> WHAT IS REQUIRED:
Make an exact copy of the entries below with the pictures removed.
==== DATASET RECORDS ====
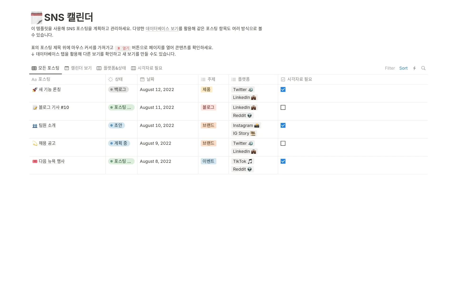 Notion팀 추천 템플릿
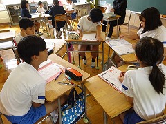 ↓ 5,6年 総合 未来に向けて 自分が調べた将来の夢の職業について伝え合いました。その職業に就くには、どのような過程があるのか、どんな仕事をするのか、その仕事の魅力は何なのかグループの人に伝え、また質問や感想を返していました。質問や感想は、伝えてもらった時の礼儀であり、次の学習へのステップアップとなっていきます。グループでも真剣に高め合う学習ができるのが本校の良さです。
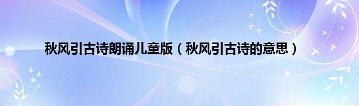 大家好,小常来为大家解答以上问题。秋风引古诗朗诵儿童版,秋风引古诗的意思很多人还不知道,现在让我们一起来看看吧!
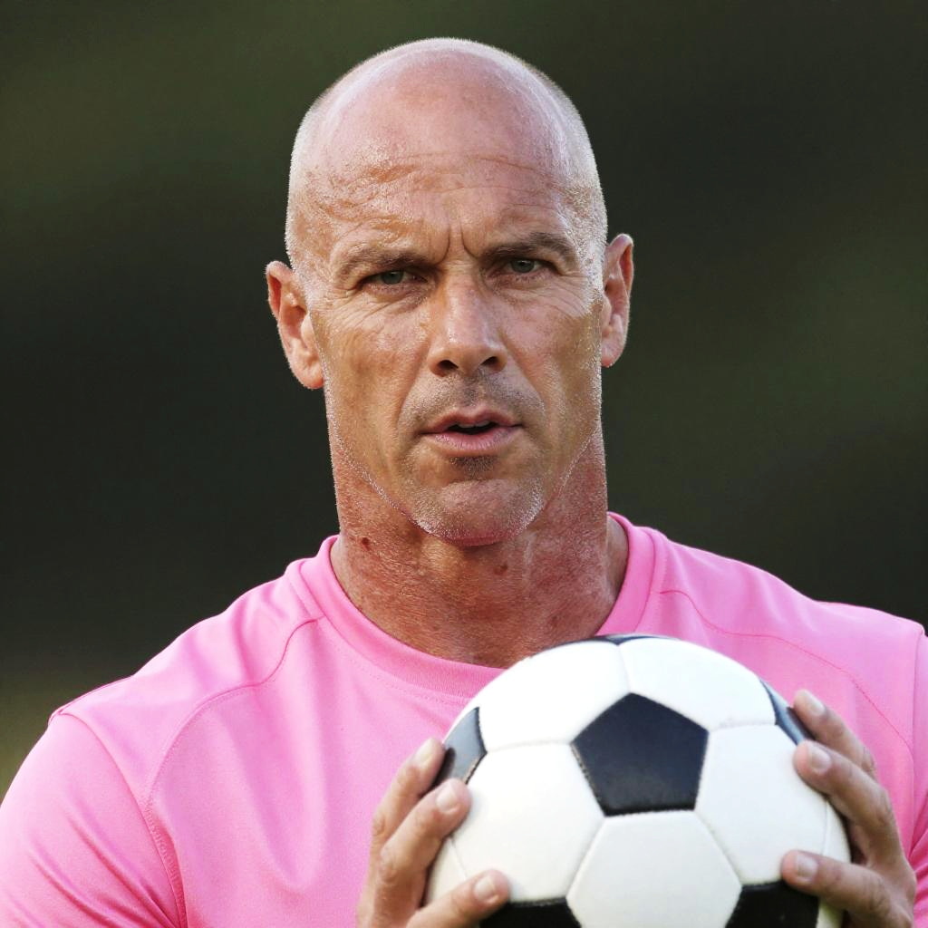 Close-up of a bald middle-aged man with a tanned complexion wearing a pink sports shirt, holding a black and white soccer ball. The background is blurred outdoor greenery.
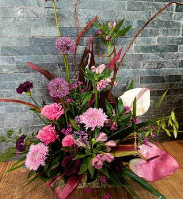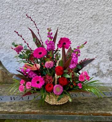 The arrangements below are typical Basket Arrangement designs. Instead of showing you a catalogue of images for you to choose from, we believe that you should choose your colour scheme and allow our florists to create a bespoke bouquet just for you from the best blooms available.
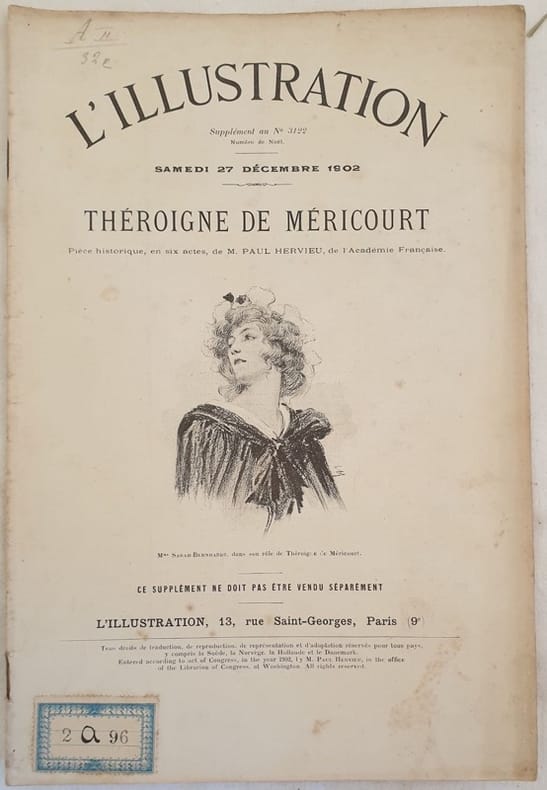 Edizione del 1902 della commedia teatrale Theroigne de Mericourt di Paul Hervieu (1857-1915). Theroigne de Mericourt è stata rappresentata per la prima volta il 23 dicembre 1902 al Teatro Sarah Bernhardt. Numerose illustrazioni di Georges Scott. In buone condizioni Copertina assente. Legatura in buone condizioni. All'interno le pagine si presentano in ottime condizioni con rare fioriture. In 4. Dim. 30x20,5 cm. Pp. 31. Edition of 1902 of the theatral play Theroigne de Mericourt by Paul Hervieu (1857-1915).<BR><BR>Varennes has been rappresented fort he first time the 23rd of december 1902 in the theatre Sarah Bernhardt. Diffeent illustrations by Georges Scott. In good conditions.Cover is missing. Binding in good conditions. Pages in very good conditions with occasional foxings. In 4. Dim. 30x20,5 cm. Pp. 31.
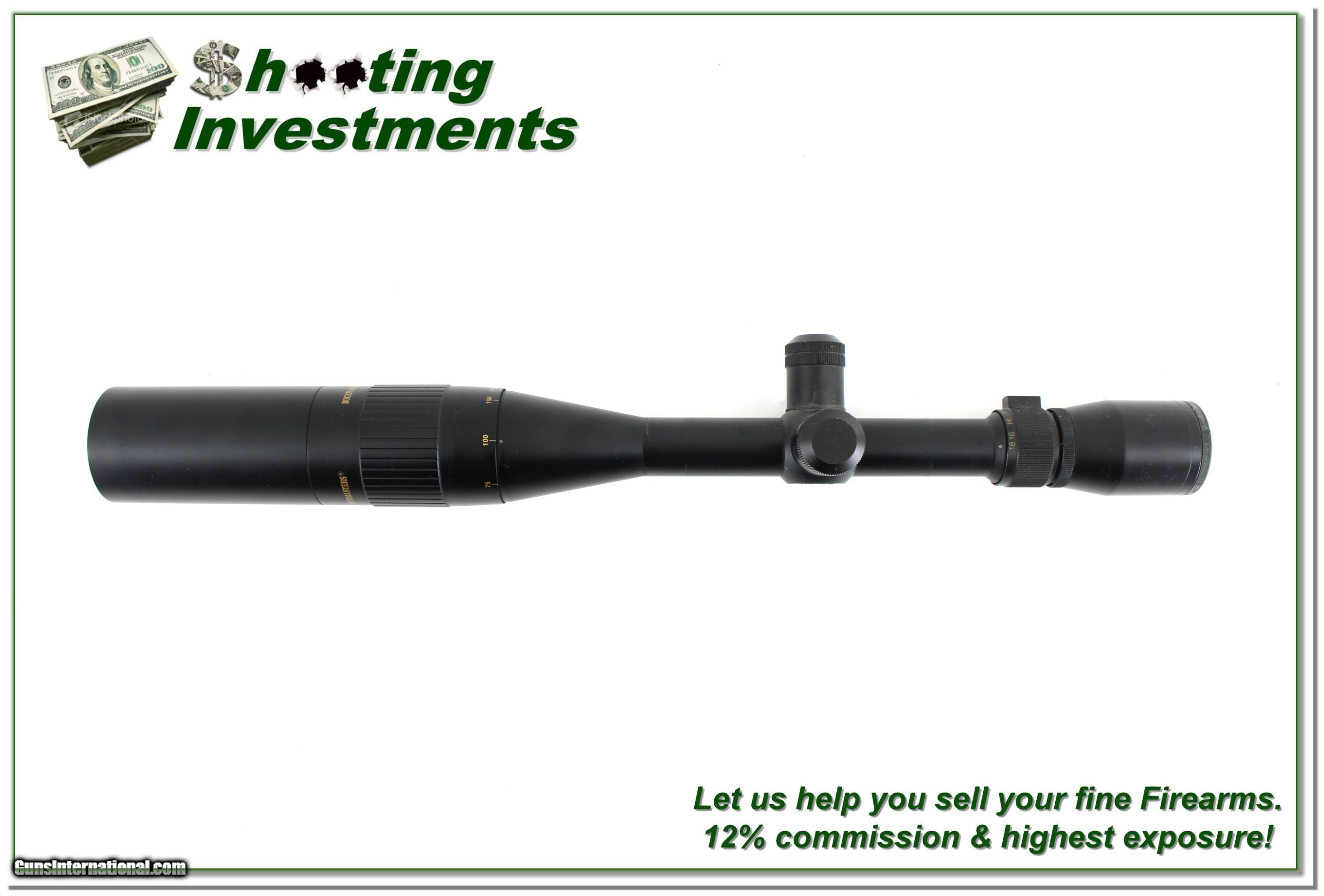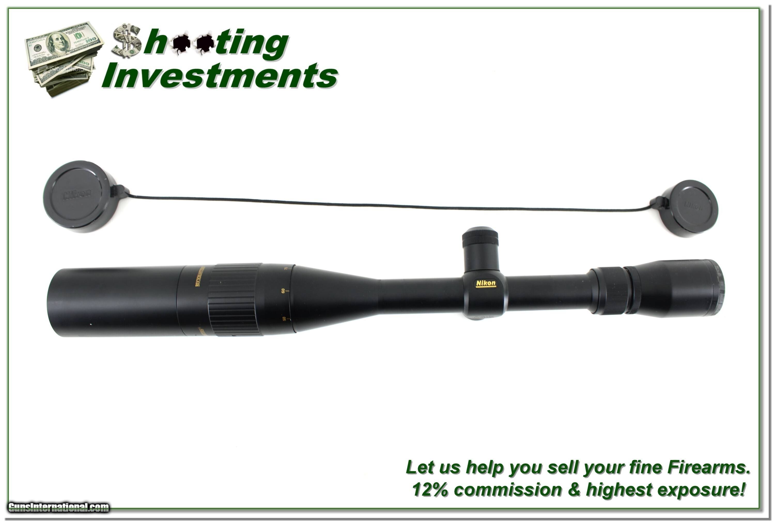 Description: This is an excellent condition Nikon rifle scope. It is a 6-18 power with target turrets, AO and matte finish. It has crystal clear optics with Duplex crosshair. I don’t find any marks and it comes with sunshield and covers as seen. Shipping is $14.95. Please email me with any questions or larger pictures. (Consign your quality firearms with Shooting Investments for only 12%! Let me know if you have any you would like to sell!) 26-0003s
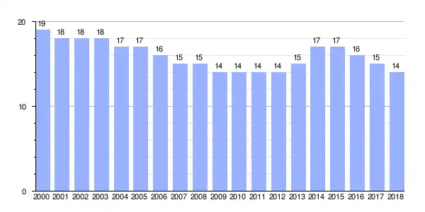 Gráfica de evolución demográfica de Sebio entre 2000 y 2018 |
====
> EXERCISE RESULT:
 Notion팀 추천 템플릿
 ↓ 5,6年 総合 未来に向けて 自分が調べた将来の夢の職業について伝え合いました。その職業に就くには、どのような過程があるのか、どんな仕事をするのか、その仕事の魅力は何なのかグループの人に伝え、また質問や感想を返していました。質問や感想は、伝えてもらった時の礼儀であり、次の学習へのステップアップとなっていきます。グループでも真剣に高め合う学習ができるのが本校の良さです。
 大家好,小常来为大家解答以上问题。秋风引古诗朗诵儿童版,秋风引古诗的意思很多人还不知道,现在让我们一起来看看吧!
 Close-up of a bald middle-aged man with a tanned complexion wearing a pink sports shirt, holding a black and white soccer ball. The background is blurred outdoor greenery.
 The arrangements below are typical Basket Arrangement designs. Instead of showing you a catalogue of images for you to choose from, we believe that you should choose your colour scheme and allow our florists to create a bespoke bouquet just for you from the best blooms available.
 Edizione del 1902 della commedia teatrale Theroigne de Mericourt di Paul Hervieu (1857-1915). Theroigne de Mericourt è stata rappresentata per la prima volta il 23 dicembre 1902 al Teatro Sarah Bernhardt. Numerose illustrazioni di Georges Scott. In buone condizioni Copertina assente. Legatura in buone condizioni. All'interno le pagine si presentano in ottime condizioni con rare fioriture. In 4. Dim. 30x20,5 cm. Pp. 31. Edition of 1902 of the theatral play Theroigne de Mericourt by Paul Hervieu (1857-1915).<BR><BR>Varennes has been rappresented fort he first time the 23rd of december 1902 in the theatre Sarah Bernhardt. Diffeent illustrations by Georges Scott. In good conditions.Cover is missing. Binding in good conditions. Pages in very good conditions with occasional foxings. In 4. Dim. 30x20,5 cm. Pp. 31.
 Description: This is an excellent condition Nikon rifle scope. It is a 6-18 power with target turrets, AO and matte finish. It has crystal clear optics with Duplex crosshair. I don’t find any marks and it comes with sunshield and covers as seen. Shipping is $14.95. Please email me with any questions or larger pictures. (Consign your quality firearms with Shooting Investments for only 12%! Let me know if you have any you would like to sell!) 26-0003s
 Gráfica de evolución demográfica de Sebio entre 2000 y 2018 |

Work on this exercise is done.